BUG: python multithreading leads to hanging jobs in partitioned data flows
Hi,
I am using dataiku 6.0.3 with partitioned datasets. When I run a python job between two partitioned datasets on 5 parallel jobs, using ProcessPoolExecutor with 2 or more cores (my machine has 16 cores), the jobs never finish. They get stalled and in the log [dku.job.slave] - Sending status update followd by "Status update sent" is repeated.
This seems to be a bug.
Answers
-
Hi,
Please note that when you run a Python recipe, DSS simply starts your code and Python runs it, DSS does not alter it in any way. If your Python code does not progress, you would need to investigate what your Python code is doing, possibly by grabbing Python stacks.
DSS does not have any specific handling for multi-processed code. However, a case where DSS might interfere with such a job is if you pass a "DatasetWriter" object (i.e. the result of dataset.get_writer) from one process to another. This is because this DatasetWriter has a finalizer and duplicating it will lead to unexpected things happening.

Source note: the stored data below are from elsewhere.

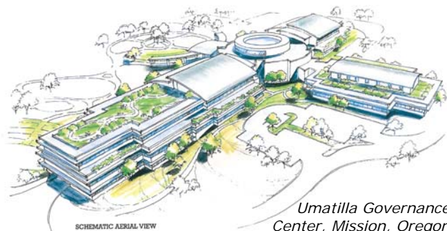
Umatilla Governance Center, Mission, Oregon
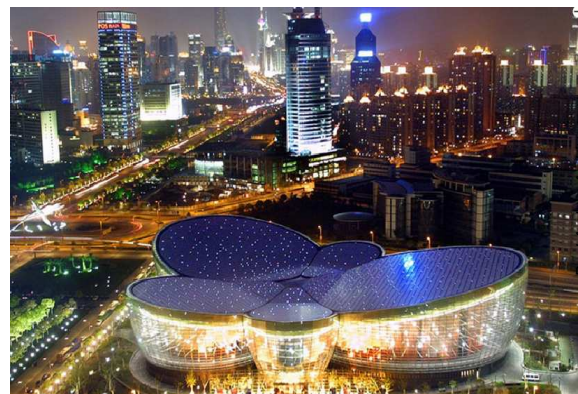
Shanghai oriental arts center
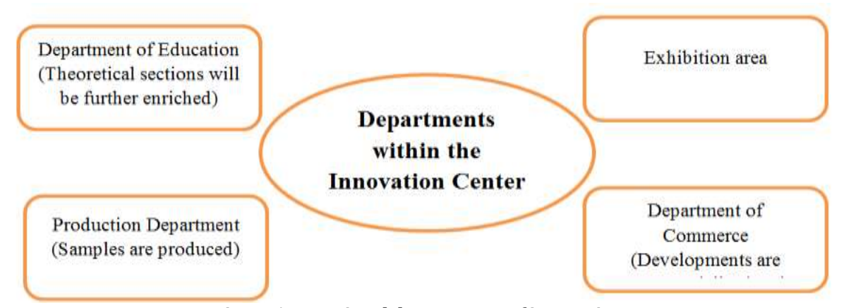
Figure 1- Functional departments of innovation centers

By designing separate buildings and experimental rooms in each direction, broad opportunities will be created for young people to apply innovative ideas. Interest, motivation and results motivate young people to strive for innovation and creativity. The study of developed countries shows that the innovation center for the development of the state has risen to the level of public policy, along with theoretical knowledge, practice is required of young people at the same time [2].
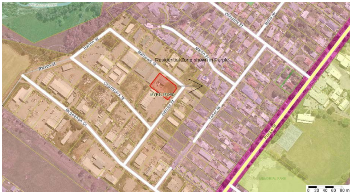
Figure 2: Subject land.

The subject site is located within the Industrial Estate of Myrtleford. The site is located in the North-Eastern pocket of the estate locating it some 50-60m away from the nearest residential housing to the East and South-East. The site is located on a corner and has dual access from Jubilee Street and Mathews Street. The site is also occupied by an existing Industrial warehouse used for the purpose of bus and vehicle storage. Figure 2 below shows the context of the site, and demonstrates the proximity of the land in relation to the residential areas close by.
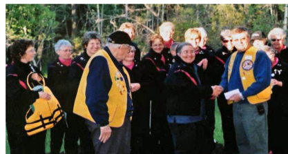
Rivers Lions Club donate Life Jackets
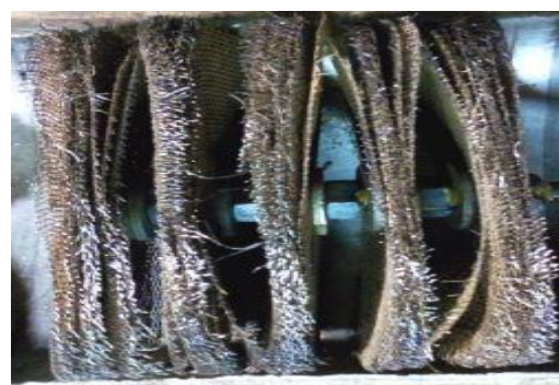
Fig. 4.3: Mesh Package or Converter Substrate.

The size of the washer used in the packing was 1 cm in a diameter and 1cm of hollow diameter with thickness around 0.2 cm.
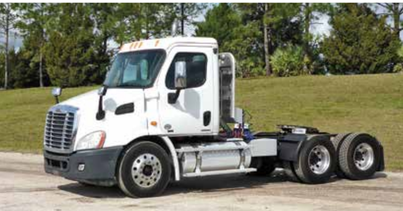
2010 Freightliner PX113064ST
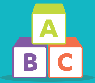
Childcare and Education (Education T level)

3 pathways from within 3 T level routes delivered by a small number of providers
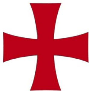
(a) Knights Templar
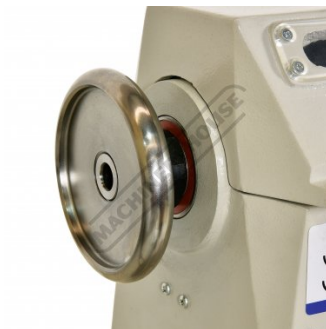
Spindle Hand Brake Wheel
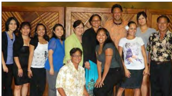
Marians Island Wide Catering staff

Since 1956, Marians Island Wide Catering has been providing excellent local food for a wide range of
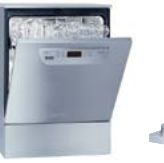
ROWE CODE CD1543
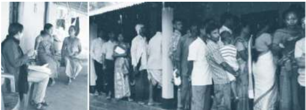
Left: Patient follow-up by our staff. Right: The patients await to see the doctor at the mental health camp.

The shadow of the violent conflict last year fell on our mental health work too. We were unable to hold the camp for one month because of the curfew and patients ran out of medicines. Even when the treatment camp was held, many of our patients were either still in the relief camps or could not travel. For us, it is heart breaking to see patients who have gotten well relapse back to their former state of mental illness.

You should in that case make sure that you perform all computations in subprocesses, then close the pool, then write the outputs.

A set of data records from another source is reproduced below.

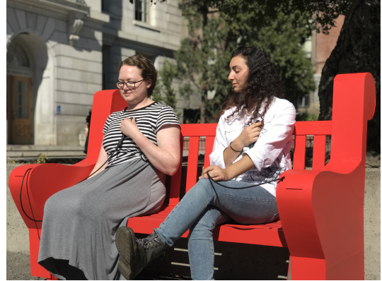
Figure 1: The Heart Sounds Bench amplifies the heart sounds of bench-sitters, inviting a moment of calm yet vibrant life-affirmation.
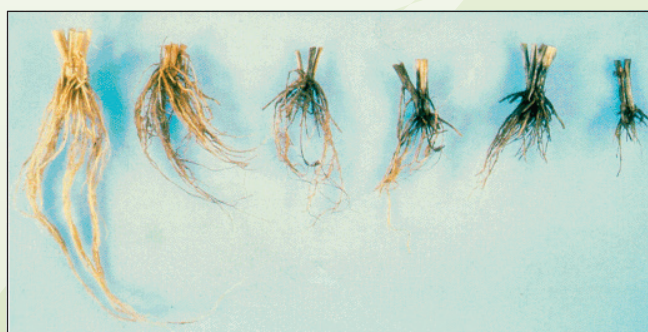
Figure 3: Increasing levels (left to right) of G. graminis infection of wheat roots. Notice the blackening of the crown and rotted root system in severe infections.

Initial indications of take-all in a crop are the appearance of indistinct patches of poor growth in the crop; these may be a few metres across up to significant areas of crop. Closer inspection of individual plants will indicate discolouration of the crown, roots and stem base. Blackening of the centre of the roots (stele) is symptomatic of an early take-all infection. Severely infected plants will have a blackened crown and stem base and be easy to pull from the soil with no attached root system (figure 3). Any remaining roots are brittle and break off with a "square end".
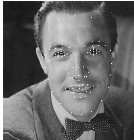
Fig 2. Detection of 76 fiducial points with STASM.

Some characteristics of the ASM application in this work are: detection in only two dimensions of digital images, a detection on frontal faces and with neutral expressions, i.e., that does not present any type of facial gesture. By default, STASM detects 76 fiducial points as shown in Fig. 2, delimiting the contour of the face, eyebrows, eyes, nose and mouth. From the above cited procedure, the vector of positions corresponding to the fiducial points is obtained.
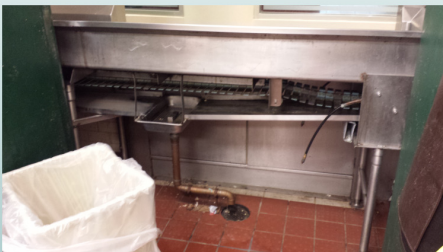
OLD DRIP TRAY
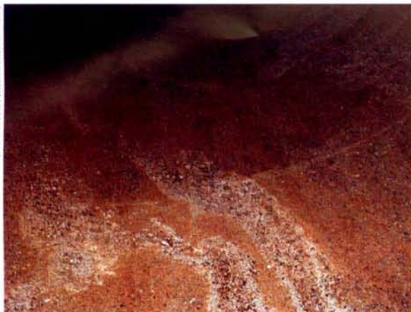
Figure 1: Tunnel surface after the cleaning operation and before the treatment.

When crystalline waterproofing products are applied to concrete, a chemical reaction causes these pores, capillaries and micro-cracks to be filled with insoluble crystals. Water is unable to pass through these crystal formations and as a result the concrete becomes waterproof.
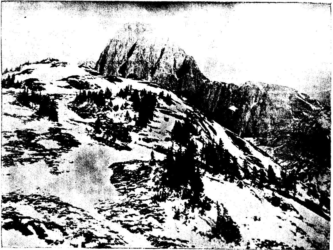
The Great Lime Dyke, Trout Lake District.
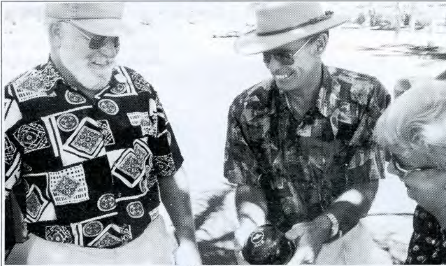
Fly Navy Bowls
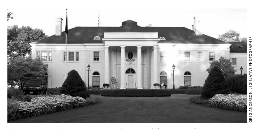
The State Capitol and Executive Residence Board is responsible for approving all renovations, repairs, furnishings, and fixtures on the grounds of the Wisconsin State Capitol and the Governor's Mansion, pictured here. The mansion sits on Lake Mendota and has been the home of the governor's family for over 50 years.

The State Capitol and Executive Residence Board (SCERB) ensures the architectural and decorative integrity of the buildings, decorative furniture, furnishings, and grounds of the capitol and executive residence and directs the continuing and consistent maintenance of the properties. No renovations, repairs (except of an emergency nature), installation of fixtures, decorative items, or furnishings for the ground and buildings of the capitol or executive residence may be performed by or become the property of the state by purchase wholly or in part from state funds, or by gift, loan, or otherwise, until approved by the board as to design, structure, composition, and appropriateness.
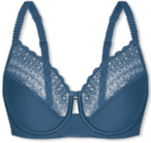
24790 | Bügel-BH / wire bra / SG avec armatures B-F | 75-100

90% Polyamid / polyamide 10% Elasthan / elastane / élasthanne

If this does not help, could you attach a diagnosis of your job (From the job page, click Actions > Download job diagnosis) ?
-
Hi Clement,
if I run the code on 16 cores in the jupyter notebook the partition (that hangs otherwise) gets finished in 20 secs ! I also modified my python code now to not use multiprocessing and suddenly it also does not hang anymore when executing in flow.
So this clearly shows the incompatibility of DSS execution with multiprocessing.
Attached you find the output.log and log.log, whose file ending I had to change to be able to upload into this discussion.